▶ [Exercise instructions]
Both the line containing "7.2.10 Stamford Buttoned" and the line containing "맛있는 냄새를 맡으며 직접 조리하니 아이들도 더 적극적입니다." belong to the span. Output exactly that span from the listing below, and nothing outside it.
** The data follows **
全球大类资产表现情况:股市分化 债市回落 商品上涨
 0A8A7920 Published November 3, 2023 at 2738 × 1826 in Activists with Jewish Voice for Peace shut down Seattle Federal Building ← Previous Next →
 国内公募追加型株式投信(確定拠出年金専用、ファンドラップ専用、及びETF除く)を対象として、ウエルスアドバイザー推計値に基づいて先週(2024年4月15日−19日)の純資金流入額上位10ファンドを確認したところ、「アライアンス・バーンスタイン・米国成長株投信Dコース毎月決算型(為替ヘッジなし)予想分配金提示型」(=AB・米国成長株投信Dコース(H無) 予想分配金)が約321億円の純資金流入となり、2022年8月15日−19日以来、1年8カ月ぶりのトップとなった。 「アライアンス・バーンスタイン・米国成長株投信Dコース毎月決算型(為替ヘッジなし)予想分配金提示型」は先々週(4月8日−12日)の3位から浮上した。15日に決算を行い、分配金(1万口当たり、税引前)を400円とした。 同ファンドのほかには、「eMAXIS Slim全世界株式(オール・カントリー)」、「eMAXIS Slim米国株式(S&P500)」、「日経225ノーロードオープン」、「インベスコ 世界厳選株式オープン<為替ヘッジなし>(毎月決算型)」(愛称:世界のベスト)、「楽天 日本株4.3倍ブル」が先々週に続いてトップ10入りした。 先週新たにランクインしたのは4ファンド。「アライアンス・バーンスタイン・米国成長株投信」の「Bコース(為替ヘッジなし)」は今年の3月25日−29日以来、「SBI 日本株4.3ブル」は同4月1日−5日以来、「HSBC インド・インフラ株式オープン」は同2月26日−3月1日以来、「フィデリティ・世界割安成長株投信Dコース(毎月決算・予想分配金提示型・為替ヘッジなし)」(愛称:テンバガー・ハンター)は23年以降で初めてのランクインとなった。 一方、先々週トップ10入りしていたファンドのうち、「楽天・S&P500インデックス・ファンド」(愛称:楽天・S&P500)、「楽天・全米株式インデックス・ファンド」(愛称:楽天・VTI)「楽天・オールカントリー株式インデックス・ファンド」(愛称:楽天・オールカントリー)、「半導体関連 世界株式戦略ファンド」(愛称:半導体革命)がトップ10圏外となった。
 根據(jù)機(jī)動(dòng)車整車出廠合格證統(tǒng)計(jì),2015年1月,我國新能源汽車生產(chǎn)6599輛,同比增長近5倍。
** End of The data **
** The data follows **
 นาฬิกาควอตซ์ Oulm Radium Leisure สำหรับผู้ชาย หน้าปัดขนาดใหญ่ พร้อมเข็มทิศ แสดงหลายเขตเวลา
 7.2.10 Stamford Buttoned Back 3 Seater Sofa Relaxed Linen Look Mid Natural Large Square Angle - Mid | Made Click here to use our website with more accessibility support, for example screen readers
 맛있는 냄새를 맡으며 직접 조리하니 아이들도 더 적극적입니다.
** End of The data **
▶ [Expected output]
 7.2.10 Stamford Buttoned Back 3 Seater Sofa Relaxed Linen Look Mid Natural Large Square Angle - Mid | Made Click here to use our website with more accessibility support, for example screen readers
 맛있는 냄새를 맡으며 직접 조리하니 아이들도 더 적극적입니다.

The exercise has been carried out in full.